Since the fee estimator is data-based, it’s crucial to accurately record what feerate a transaction is “offered” at. For example, if a transaction is fee-bumped using Child Pays for Parent (CPFP), the parent’s individual feerate would be an underestimation and the child’s would be an overestimation of their “actual” feerate.
The fee estimator skips transactions entering the mempool with unconfirmed inputs, alleviating potential overestimation due to a high-feerate transaction sponsoring its ancestors. However, since it’s impossible to know whether a transaction will have unconfirmed descendants, a low-feerate parent in a CPFP is still included.

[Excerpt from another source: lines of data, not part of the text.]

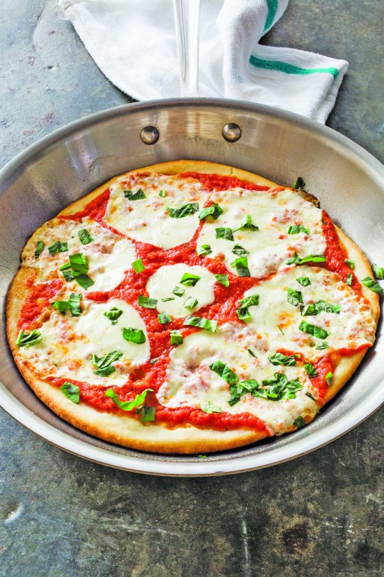 In searching for a foolproof method for cooking pizza whenever the mood struck, we found that making truly great pizza is a breeze in a skillet. Our dough came together quickly in the food processor; after we let it rise, we rolled it thin and then transferred it to a cool oiled skillet, where we topped it with a fast no-cook sauce and slices of fresh mozzarella cheese.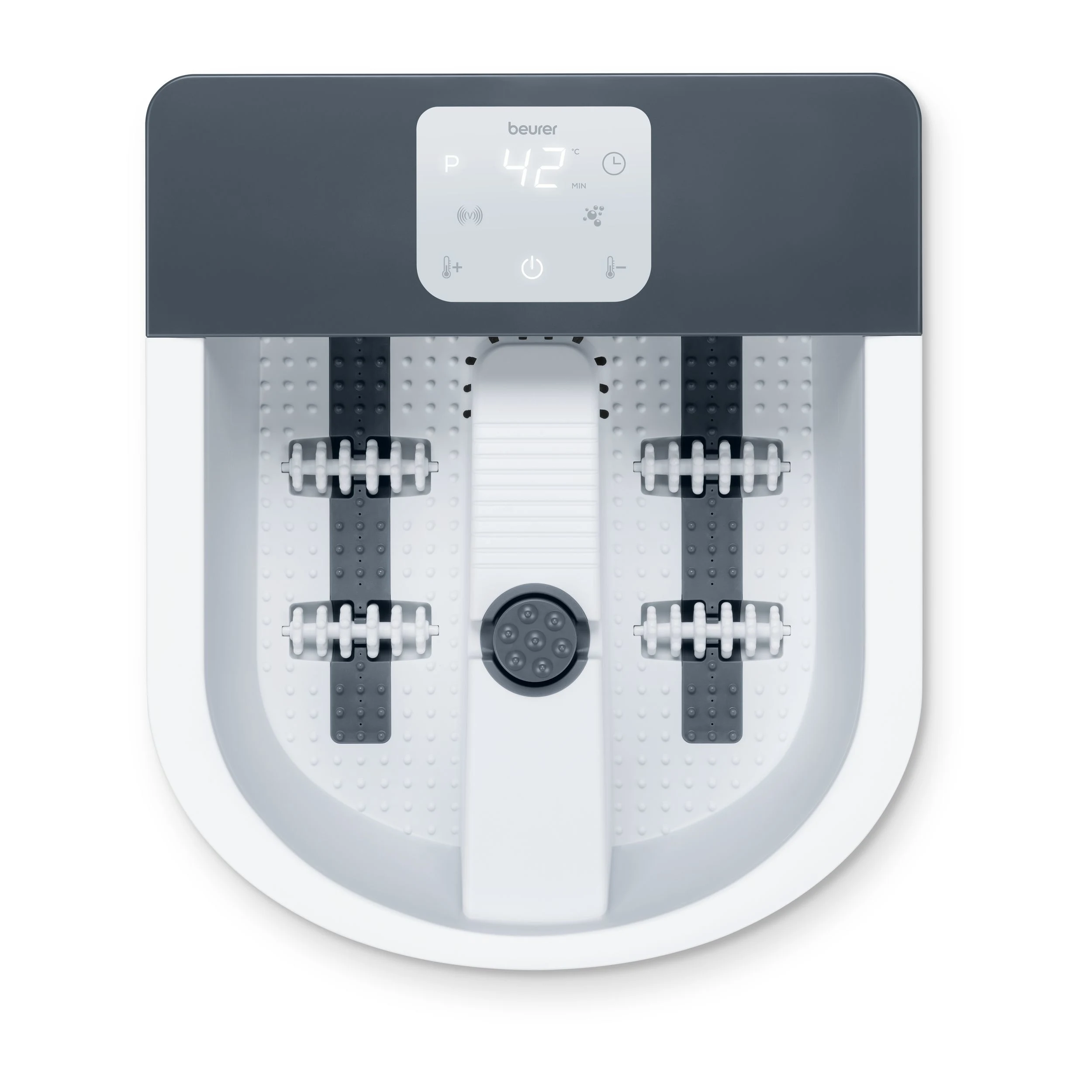A FB 60 láb-pezsgőfürdő a legfejlettebb otthoni wellness élményt kínálja. A nagy teljesítményű, 8 fokozatban állítható vízfűtés (34–48 °C), a vibrációs és pezsgőmasszázs, valamint a Premium Touch Display modern kényelmet és luxust nyújt. A három előre beállított masszázsprogram és a cserélhető pedikűr feltétek gondoskodnak a lábak teljes felfrissítéséről.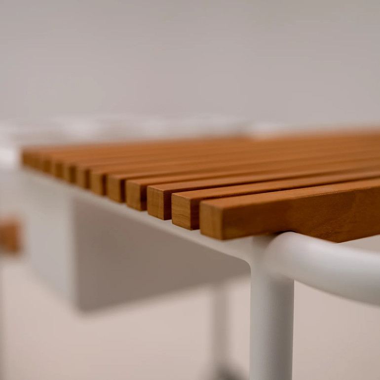 Алюминиевый каркас с порошковым покрытием обеспечивает стабильность и устойчивость к воздействию внешних условий. Сиденье и спинки, обитые тканью Sunproof Jalousie и наполненные стандартным пенополиуретаном, сохраняют свою форму при регулярном использовании. Элементы из тикового дерева, видимые на столе и тележке, добавляют комплекту натуральности и функциональности.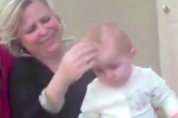In the clip, the baby boy seems to be resistant at first but soon, we see his adorable eyes start to close.
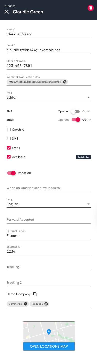 - External ID: A company’s own ID that can be used for tracking and identifying agents. External ID should be unique and can be used to designate agents for updates or lead offers.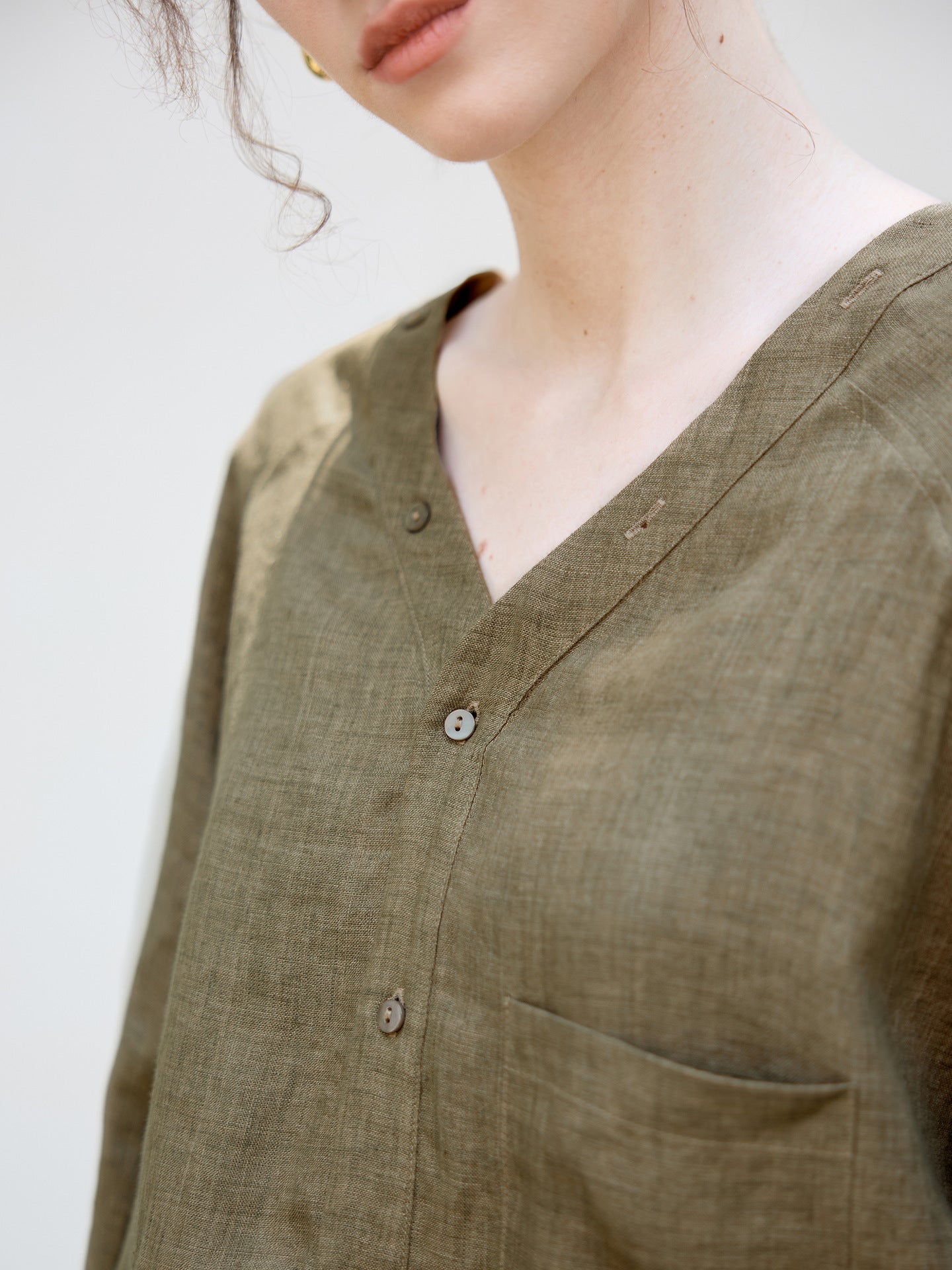 Women's Linen V-Neck Raglan Long Sleeve Shirt

This means the fee estimator may underestimate feerates.
One solution is to calculate a transaction’s “actual” feerate, taking ancestors and descendants into consideration, (see #23074), but the calculation is not simple.
PR #25380 prevents the fee estimator from underestimating feerates due to inaccurately recording feerates for CPFP’d transactions.

Questions

Did you review the PR? Concept ACK, approach ACK, tested ACK, or NACK?
What issue does this PR address?
At a high level, how does the fee estimator work?

(a) What information is recorded for new transactions entering the mempool? (Hint: what does mapMemPoolTxs store?)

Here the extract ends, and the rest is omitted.